Records from a dataset:

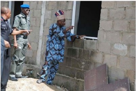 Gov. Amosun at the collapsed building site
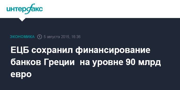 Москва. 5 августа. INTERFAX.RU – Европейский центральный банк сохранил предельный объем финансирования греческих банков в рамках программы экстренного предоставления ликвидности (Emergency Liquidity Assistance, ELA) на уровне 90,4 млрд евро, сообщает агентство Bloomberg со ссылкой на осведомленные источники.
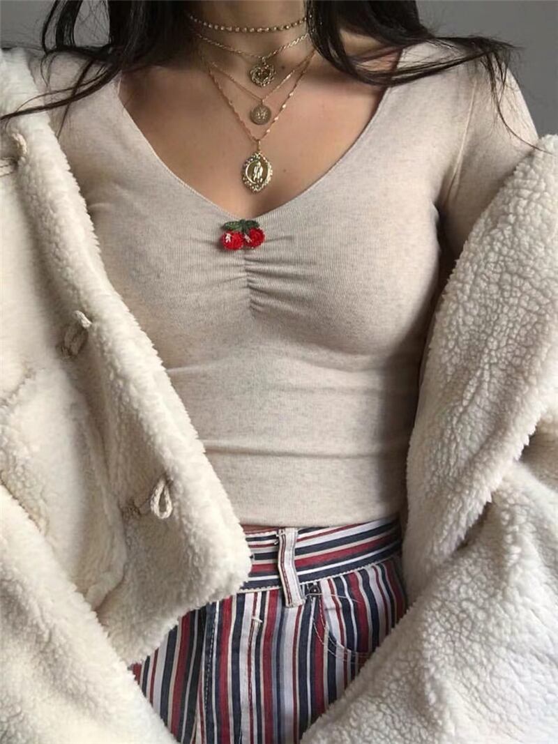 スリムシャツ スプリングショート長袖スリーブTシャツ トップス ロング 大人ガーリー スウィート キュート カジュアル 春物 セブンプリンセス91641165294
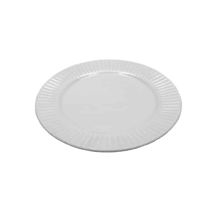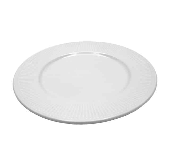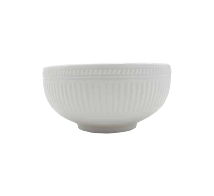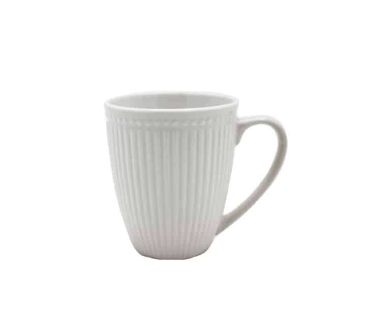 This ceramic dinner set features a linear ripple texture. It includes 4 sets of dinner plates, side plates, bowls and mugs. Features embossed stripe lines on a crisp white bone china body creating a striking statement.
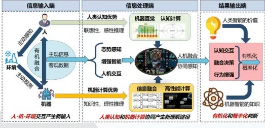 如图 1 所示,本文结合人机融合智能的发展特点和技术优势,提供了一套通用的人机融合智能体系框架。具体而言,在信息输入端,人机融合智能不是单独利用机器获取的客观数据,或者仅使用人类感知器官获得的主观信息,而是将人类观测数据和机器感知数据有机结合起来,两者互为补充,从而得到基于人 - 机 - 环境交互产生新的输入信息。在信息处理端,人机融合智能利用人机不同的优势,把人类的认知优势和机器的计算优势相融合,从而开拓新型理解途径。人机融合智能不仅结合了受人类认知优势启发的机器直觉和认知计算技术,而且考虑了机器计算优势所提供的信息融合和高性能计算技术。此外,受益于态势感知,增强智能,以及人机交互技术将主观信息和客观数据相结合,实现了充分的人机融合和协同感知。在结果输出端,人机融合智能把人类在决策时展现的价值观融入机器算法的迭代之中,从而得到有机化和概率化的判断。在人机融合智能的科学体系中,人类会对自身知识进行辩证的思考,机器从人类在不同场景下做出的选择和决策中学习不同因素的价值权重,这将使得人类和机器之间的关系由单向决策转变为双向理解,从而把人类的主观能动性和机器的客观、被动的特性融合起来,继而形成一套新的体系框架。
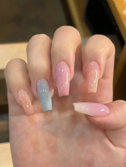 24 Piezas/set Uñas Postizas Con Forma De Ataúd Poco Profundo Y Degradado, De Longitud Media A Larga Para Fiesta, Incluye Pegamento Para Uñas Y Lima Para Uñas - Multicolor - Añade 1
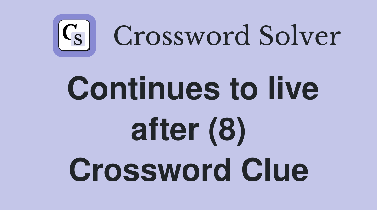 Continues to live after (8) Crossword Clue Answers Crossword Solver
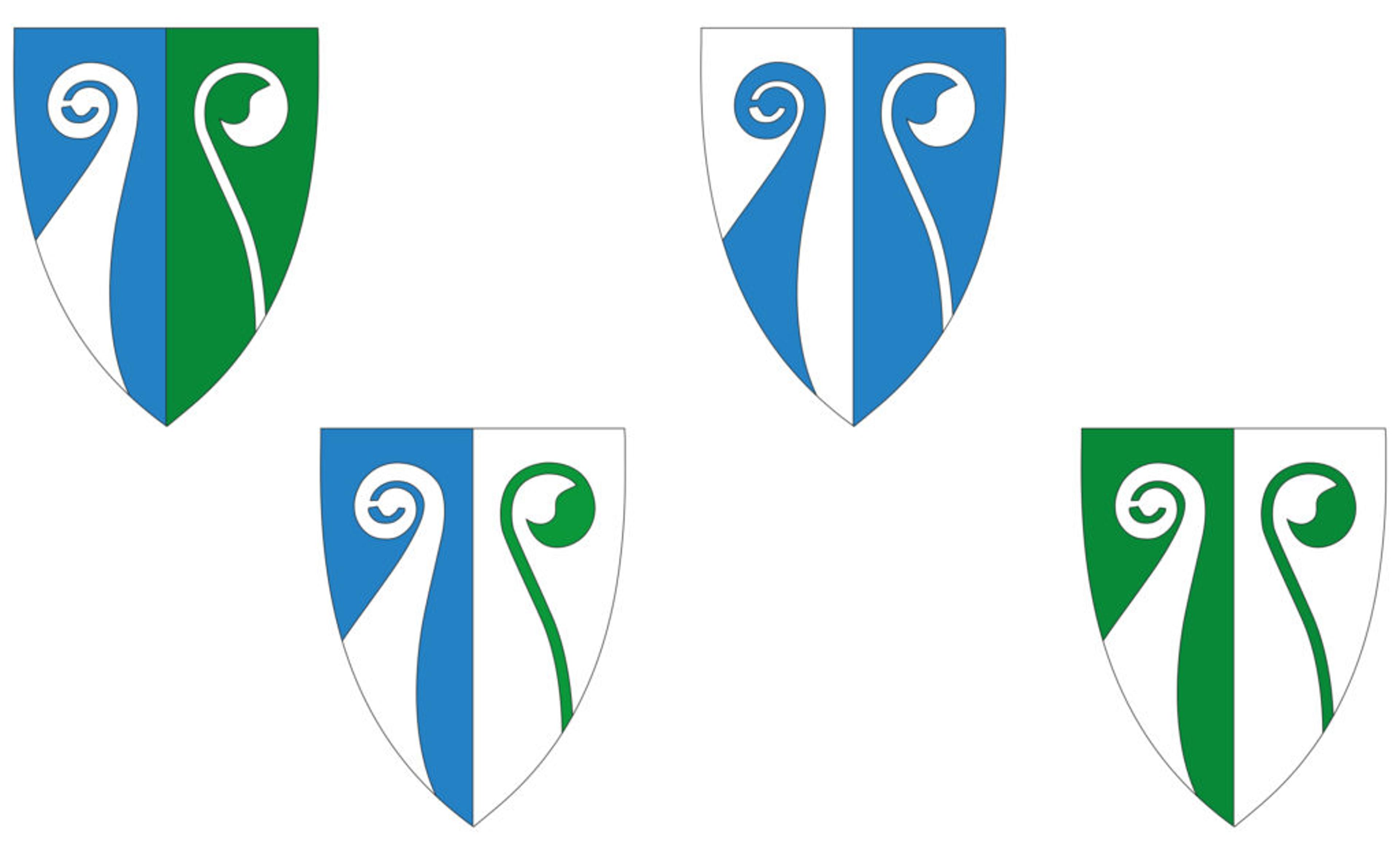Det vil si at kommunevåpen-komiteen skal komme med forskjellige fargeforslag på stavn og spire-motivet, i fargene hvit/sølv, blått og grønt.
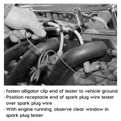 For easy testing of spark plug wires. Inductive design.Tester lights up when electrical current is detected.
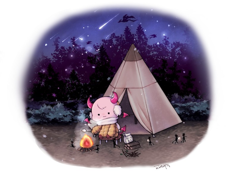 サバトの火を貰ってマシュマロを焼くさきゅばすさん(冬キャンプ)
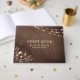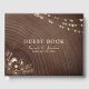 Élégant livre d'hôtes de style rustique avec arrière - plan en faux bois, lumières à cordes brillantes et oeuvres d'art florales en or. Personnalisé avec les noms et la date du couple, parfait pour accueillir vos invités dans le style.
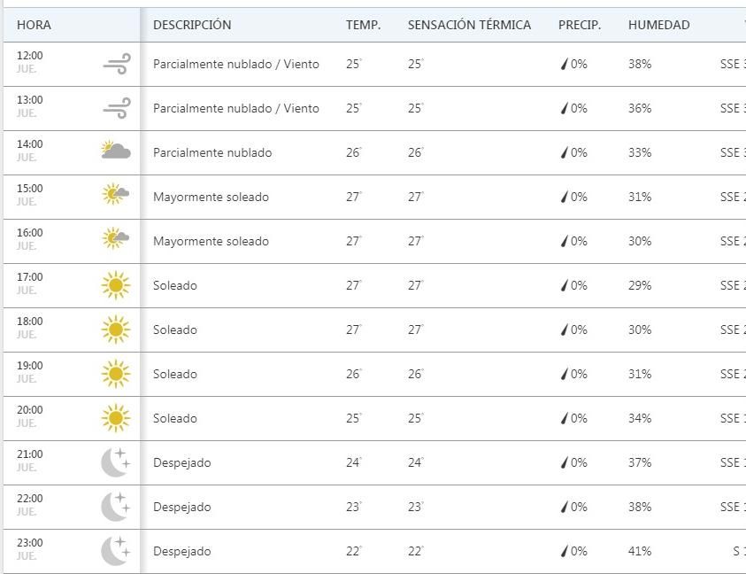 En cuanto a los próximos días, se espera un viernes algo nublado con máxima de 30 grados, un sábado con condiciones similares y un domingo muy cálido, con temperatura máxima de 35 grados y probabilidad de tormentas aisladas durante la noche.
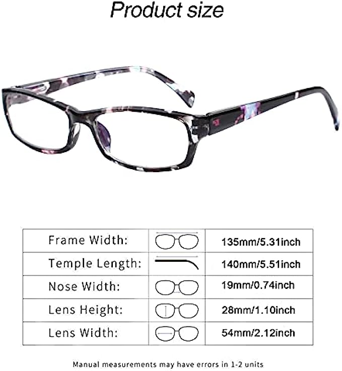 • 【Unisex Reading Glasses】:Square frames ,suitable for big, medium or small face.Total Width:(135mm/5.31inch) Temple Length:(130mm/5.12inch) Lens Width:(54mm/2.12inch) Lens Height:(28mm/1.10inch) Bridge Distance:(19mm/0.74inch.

_Problem to work on_: Keep to the lines above from the line with "Москва. 5 августа." to the line with "Continues to live", and set down exactly those, inclusive, with nothing else and every picture left out.

_Finished exercise_:
 Москва. 5 августа. INTERFAX.RU – Европейский центральный банк сохранил предельный объем финансирования греческих банков в рамках программы экстренного предоставления ликвидности (Emergency Liquidity Assistance, ELA) на уровне 90,4 млрд евро, сообщает агентство Bloomberg со ссылкой на осведомленные источники.
 スリムシャツ スプリングショート長袖スリーブTシャツ トップス ロング 大人ガーリー スウィート キュート カジュアル 春物 セブンプリンセス91641165294
 This ceramic dinner set features a linear ripple texture. It includes 4 sets of dinner plates, side plates, bowls and mugs. Features embossed stripe lines on a crisp white bone china body creating a striking statement.
 如图 1 所示,本文结合人机融合智能的发展特点和技术优势,提供了一套通用的人机融合智能体系框架。具体而言,在信息输入端,人机融合智能不是单独利用机器获取的客观数据,或者仅使用人类感知器官获得的主观信息,而是将人类观测数据和机器感知数据有机结合起来,两者互为补充,从而得到基于人 - 机 - 环境交互产生新的输入信息。在信息处理端,人机融合智能利用人机不同的优势,把人类的认知优势和机器的计算优势相融合,从而开拓新型理解途径。人机融合智能不仅结合了受人类认知优势启发的机器直觉和认知计算技术,而且考虑了机器计算优势所提供的信息融合和高性能计算技术。此外,受益于态势感知,增强智能,以及人机交互技术将主观信息和客观数据相结合,实现了充分的人机融合和协同感知。在结果输出端,人机融合智能把人类在决策时展现的价值观融入机器算法的迭代之中,从而得到有机化和概率化的判断。在人机融合智能的科学体系中,人类会对自身知识进行辩证的思考,机器从人类在不同场景下做出的选择和决策中学习不同因素的价值权重,这将使得人类和机器之间的关系由单向决策转变为双向理解,从而把人类的主观能动性和机器的客观、被动的特性融合起来,继而形成一套新的体系框架。
 24 Piezas/set Uñas Postizas Con Forma De Ataúd Poco Profundo Y Degradado, De Longitud Media A Larga Para Fiesta, Incluye Pegamento Para Uñas Y Lima Para Uñas - Multicolor - Añade 1
 Continues to live after (8) Crossword Clue Answers Crossword Solver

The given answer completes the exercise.